Bonifacio López Pulido (Montehermoso, 14 May 1774 – Segovia, 3 December 1827) was a Spanish priest of the Roman Catholic Church, who became bishop of the Diocese of Urgel, and the Diocese of Segovia.

Biography
Born into a poor farming family, on 15 November 1789 he entered the Convent of San Vicente de Plasencia, aged 13 and lived there until he was ordained a priest. In this convent he taught Philosophy and held the Chair of Moral Theology.

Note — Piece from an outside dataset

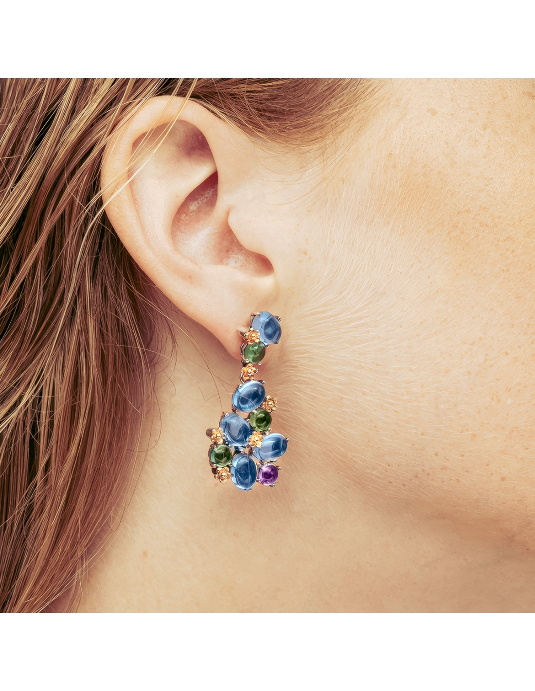 Orecchini realizzati a mano, esclusivamente nel laboratorio de' Nobili, in argento 925 e oro rosa 9kt con cabochon di quarzi idrotermali.

He was appointed Teacher of Students in the Monastery of Santa María de Trianos of the Diocese of León. Later he was transferred to Santo Domingo de La Coruña as a reader of Sacred Theology.
He was arrested by Napoleon's invading troops, as they considered him a spy, but escaped execution. He fled to Madrid where he was  confessor of the Royal Family and later he was elected prior of the Convent of Our Lady of Atocha. However, on 4 November 1822, the convent was surrounded by national troops. He allowed the soldiers, to search the convent.

On 28 October 1824 the king appointed him Bishop of Urgel and the investiture service took place on 6 March 1825, in the royal chapel.
On 21 May 1827 he was promoted bishop of Segovia. On December 3 of that year he died in Segovia with a fever, at the age of fifty-three.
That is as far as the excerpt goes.